Summary: The current industry practice of deploying GenAI-based solutions relies solely on high-end GPU infrastructure. However, several analyses have uncovered that this approach leads to resource wastage, as high-end GPUs are used for inference tasks that could be handled by a CPU or a commodity GPU at a much lower cost. Bud Runtime’s heterogeneous inference feature addresses this problem by intelligently splitting the inference workload between CPUs, commodity GPUs, and high-end GPUs, optimizing cost efficiency. This article explores LLM serving using heterogeneous hardware clusters in detail and reviews prominent research in this area.
The cost of serving large language models (LLMs) is one of the key challenges hindering the widespread adoption of generative AI in enterprises. As a result, companies are increasingly focused on making their generative AI initiatives more cost-effective without compromising performance. In recent years, various technical innovations have enhanced inference efficiency, helping to reduce LLM serving costs. While most advancements have concentrated on optimizing inference engines, a crucial factor often overlooked is the optimization of hardware utilization—specifically, using the right hardware for each LLM task.
The current industry practice of deploying GenAI-based solutions relies solely on high-end GPU infrastructure—either on-premises GPU clusters or cloud-based LLM services. These infrastructure options come with significant costs. For instance, serving a model like Llama2-70B at BF16 precision requires two NVIDIA A100-80GB GPUs, which can cost over $5,200 per month in on-demand rental fees on major cloud platforms.
However, several analyses have uncovered that this approach leads to resource wastage, as high-end GPUs are used for inference tasks that could be handled by a CPU or a commodity GPU at a much lower cost. For example,
- For small request sizes, the A10G GPU provides up to 2.6X greater T/$ than the A100 GPU.
- For larger request sizes, the A100 GPU outperforms the A10G by 1.5X in cost efficiency.
In real-world applications, a substantial portion of the requests sent to LLMs are relatively simple and could easily be handled by less powerful hardware, such as CPUs or commodity GPUs. Relying solely on high-end GPUs for all requests leads to a clear inefficiency, wasting valuable resources. Moreover, most deployments already include CPUs, which are often underutilized, further worsening this inefficiency.
This results in significant resource waste and unnecessary costs. By leveraging available compute power from CPUs or commodity hardware, organizations could achieve substantial cost savings without compromising performance for simpler tasks.
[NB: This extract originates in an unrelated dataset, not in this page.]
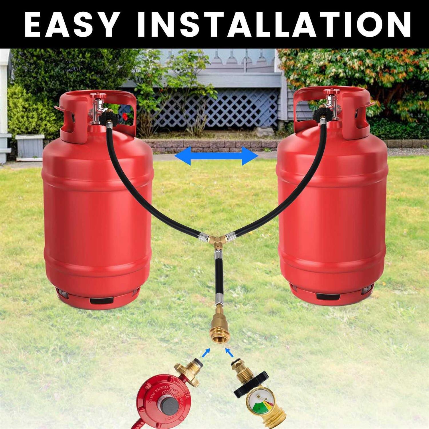 Dual Propane Tank Connection Kit Two Way POL & QCC Y Splitter Hose to Connects 5-100lbs Propane Tank Suitable for RV
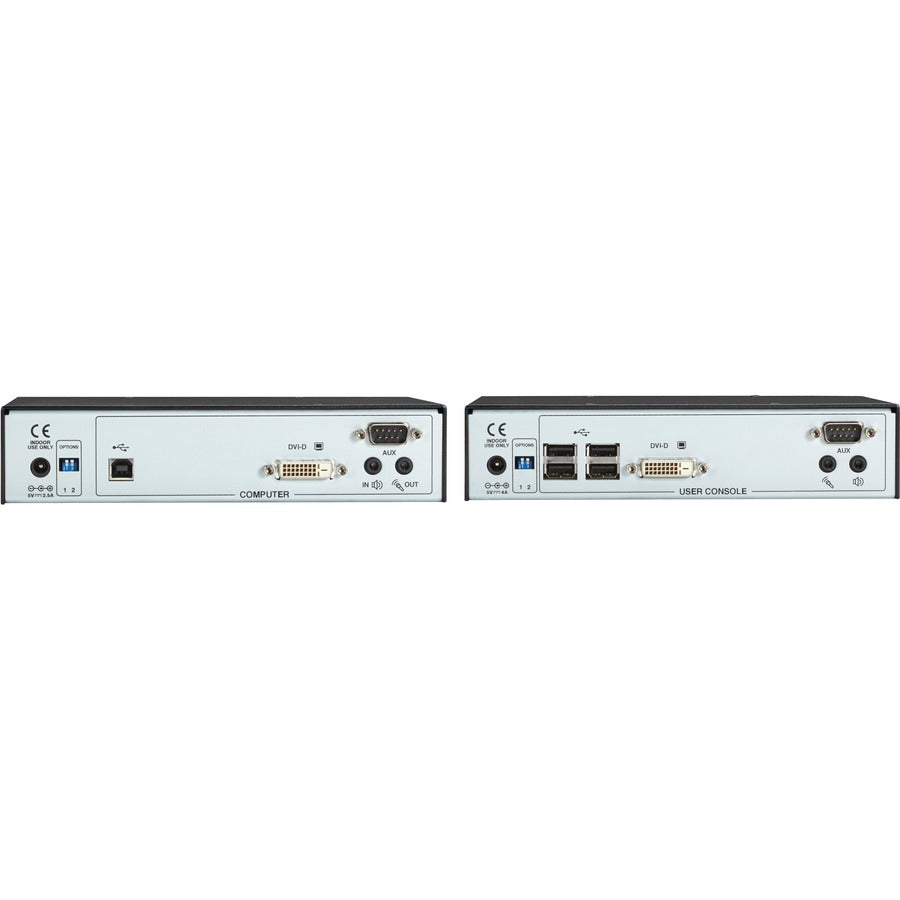 As a point-to-point KVM extender, use CAT6 cable to connect a transmitter and a receiver to deliver perfect DVI, audio, and USB. You can configure this setup to go to multiple screens at one time or add new units for additional functionality.

At Bud Ecosystem, our research has been dedicated not only to refining inference optimization techniques but also on smarter hardware utilization strategies. An example of this is the hybrid inference feature, which combines cloud-based LLMs with local, specialized models. This method can cut inference costs by up to 60% while maintaining accuracy. Such hybrid strategies offer a powerful means to optimize both cost and performance.
Recently, there is growing interest in using heterogeneous hardware clusters to further enhance cost efficiency. Early research into this area is showing promising results, particularly when combining different types of hardware tailored to specific tasks within the LLM inference pipeline. Bud Runtime’s heterogeneous inference feature intelligently splits the inference workload between CPUs, commodity GPUs, and high-end GPUs, optimizing cost efficiency. In this article, we’ll explore how using heterogeneous hardware clusters to serve LLMs can improve cost-efficiency, making GenAI more accessible and sustainable for businesses looking to take advantage of its potential.
Solely relying on high-end GPU infrastructure for your GenAI deployment leads to overspending. Bud Runtime’s heterogeneous inference splits the workload between high-end GPUs, commodity GPUs, and CPUs to maximize cost-aware hardware utilization, resulting in cost savings of up to 77%.
What is Heterogeneous Inferencing?
Heterogeneous inferencing refers to the use of different types of hardware, such as CPUs, GPUs, TPUs, and specialized accelerators, to perform tasks in a model inference process. Rather than relying on a single type of hardware for the entire inference workload, heterogeneous inferencing leverages the strengths of different hardware components for different tasks, optimizing performance and cost-efficiency.
For example, a CPU might handle less computationally intensive tasks, while a GPU or TPU can be used for more complex processing. This approach allows for better resource allocation, faster processing, and reduced costs, as different hardware can be chosen based on the specific requirements of the inference tasks. In the context of LLMs, heterogeneous inferencing can be particularly useful in reducing operational costs while maintaining or improving model performance.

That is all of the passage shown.